It shouldn't matter how rare it is though.  A general announcement won't
hurt anyone.

-JimC
-- 
James Cloos <cloos@jhcloos.com>         OpenPGP: 1024D/ED7DAEA6

Re: [gentoo-dev] glibc: pt_chown setuid going away by default

[Mike Frysinger]

[-- Attachment #1: Type: Text/Plain, Size: 863 bytes --]

On Friday 12 April 2013 15:41:55 James Cloos wrote:
> >>>>> "MF" == Mike Frysinger <vapier@gentoo.org> writes:
> >> It will impact everyone who has /dev/pts in fstab(5).
> 
> MF> don't do that.
> 
> *I* didn't.

that you remember.  i think it's more likely you copy & pasted some line a 
long time ago than baselayout modified it for you.
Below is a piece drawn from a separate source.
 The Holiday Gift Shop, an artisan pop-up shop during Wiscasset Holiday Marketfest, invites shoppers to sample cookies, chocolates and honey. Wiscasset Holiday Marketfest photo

two people who have installs that are a decade old doesn't incline me to write 
a news entry.  not when the ebuild itself contains a sanity check that 
triggers exactly as needed and includes an error message explaining things.  
we aren't talking about an upgrade here that will silently & accidentally 
break your box on next boot (like udev & friends), or will break running 
programs (like SONAME bumps, although that's a much less of a problem now that 
portage handles things automatically).
-mike

[-- Attachment #2: This is a digitally signed message part. --]
[-- Type: application/pgp-signature, Size: 836 bytes --]
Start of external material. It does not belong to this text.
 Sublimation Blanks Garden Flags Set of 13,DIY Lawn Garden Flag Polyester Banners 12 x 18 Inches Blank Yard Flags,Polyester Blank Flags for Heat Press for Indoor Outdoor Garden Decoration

Re: [gentoo-dev] glibc: pt_chown setuid going away by default

[Jeroen Roovers]

On Fri, 12 Apr 2013 16:08:10 -0400
Mike Frysinger <vapier@gentoo.org> wrote:

> that you remember.  i think it's more likely you copy & pasted some
> line a long time ago than baselayout modified it for you.

Exactly, but where did that come from?

> two people who have installs that are a decade old doesn't incline me
> to write a news entry.  not when the ebuild itself contains a sanity
> check that triggers exactly as needed and includes an error message
> explaining things. we aren't talking about an upgrade here that will
> silently & accidentally break your box on next boot (like udev &
> friends), or will break running programs (like SONAME bumps, although
> that's a much less of a problem now that portage handles things
> automatically). -mike

I have been looking through old copies of the Handbook in the last
hour, assuming the fstab entry may have been included there at some
point. I haven't done anything like a thorough search, but I assume it
may have slipped into the handbook at some point and was later removed
(as some CVS log entries from 2004 seem to suggest).


     jer

Re: [gentoo-dev] glibc: pt_chown setuid going away by default

[James Cloos]

>>>>> "JR" == Jeroen Roovers <jer@gentoo.org> writes:

JR> On Fri, 12 Apr 2013 16:08:10 -0400
JR> Mike Frysinger <vapier@gentoo.org> wrote:

>> that you remember.  i think it's more likely you copy & pasted some
>> line a long time ago than baselayout modified it for you.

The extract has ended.